Chagar IX was a crucible, its heat relentless, and Alex bent to it, shaped by its fire. Once a choking weight that burned his lungs, the smog became a background haze he barely noticed, its acrid bite dulled by time. The blood stench, sharp and metallic at first, faded to a faint undertone he could push past, a scent as familiar as the oil on his hands. His hands grew steady—whether gripping a blaster's frame to realign its coils, threading a needle through torn skin with a surgeon's focus, or swinging a staff in Proximo's drills, the wood a blur he met with speed. The workshop's chaos ordered itself under his touch, tools finding their places on racks he built from scrap, fighters finding relief in the corner he cleared for them, a battered crate serving as a makeshift cot. Proximo watched, his rare praise a grunt or a nod—once, after Alex rebuilt a shield unit solo while stitching a gash on a fighter's shoulder, he muttered, "Not bad, runt. Two years—you're tougher than you look."

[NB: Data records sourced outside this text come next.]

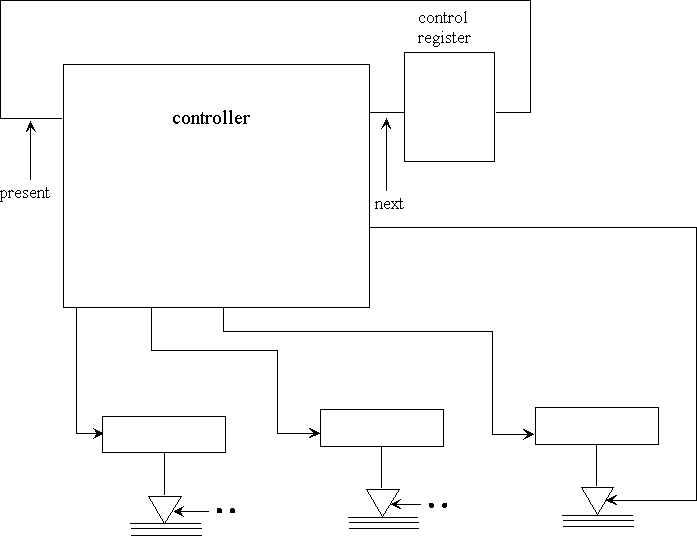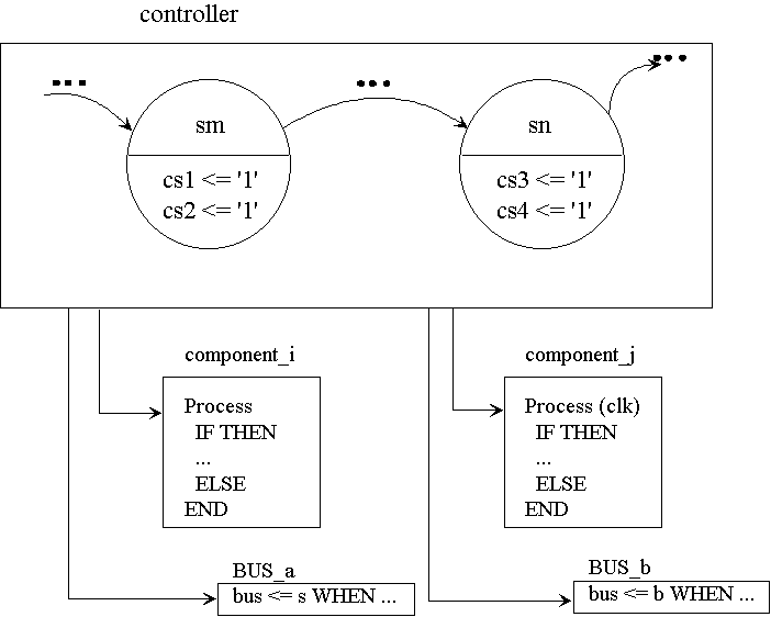 In each state issue control signals. No complex state programs. Specify Bussing.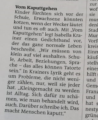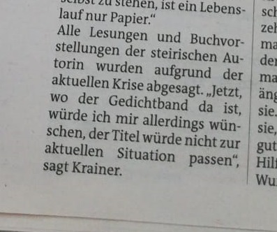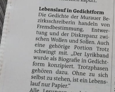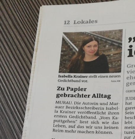 Die Murtaler Zeitung berichtet über meinen soeben erschienenen Lyrikband. Die Freude ist GROSS.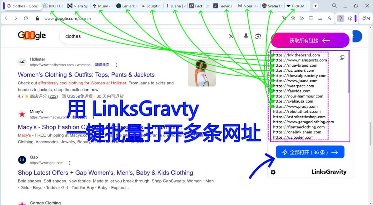 如果您自己从其它来源已经有一批网址,也可以直接复制粘贴到 LinksGravity 文本编辑框中(按行划分,每行一条网址,无需分隔符),然后点击按钮“全部打开”。

The arena's call grew louder as Alex neared 14, its shadow creeping closer with every passing day, a promise he couldn't outrun. He stood lean and wiry now, his frame etched with muscle from combat and labor, his arms a map of scars—burns from a slipped torch, cuts from sparring, the faint line of a staff's bruise faded to a whisper. His eyes, once wide with Earth's quiet fear, sharpened with a survivor's edge, taking in every angle, every threat, a predator's focus honed by necessity. The pits loomed, their roars a constant drumbeat that pulsed through the walls, a promise of what might come, but he wasn't the lost boy who'd woken in a slaver's cell, trembling and alone. Krix, Tev, Ysra—gone, scattered to the galaxy's winds—left echoes that pushed him forward, their voices a faint chorus in his skull. Krix's lingered loudest: Learn fast. He had, and more, his mind a vault of skills forged in blood and steel.

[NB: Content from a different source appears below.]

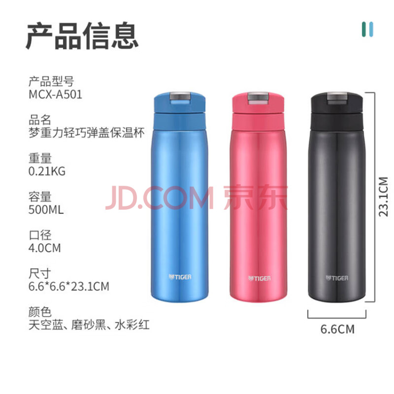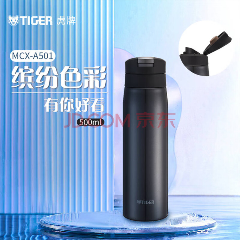 商品相册:虎牌(TIGER)梦重力弹盖不锈钢保温保冷杯真空户外水杯MCX-A501磨砂黑500ml第

Tech was his foundation—blasters, shields, droids, the gears of Cargar's brutal machine laid bare under his hands, their secrets unraveled one repair at a time. Language was his key—slang and commands unlocking the pit's pulse, a rough tongue that bridged the gap between him and Kresh's underbelly. Combat was his shield—speed and steel to fend off its claws, a dance he'd mastered in the quiet hours, his body a weapon of its own. Medicine was his edge—a quiet skill, born of blood and necessity, that set him apart, a thread of life he could pull from the chaos. He'd patched fighters who'd die anyway, seen their eyes dim despite his efforts, their last breaths a lesson in fragility—how flesh broke, how it held, how to buy time against the inevitable. It was a grim education, a patchwork of survival, but it was his, earned through sweat and scars.
The pits waited, their shadow darkening his days, a specter he couldn't ignore. But he'd learned their tools—tech to bend the world, words to navigate it, fists to fight it, and the fragile thread of life to hold it together. He'd wield them, somehow, to claw his way free, to carve a path through the sand and blood that loomed ahead. Krix's ghost whispered again, a faint echo from the hold: Find the angles. He had. He would.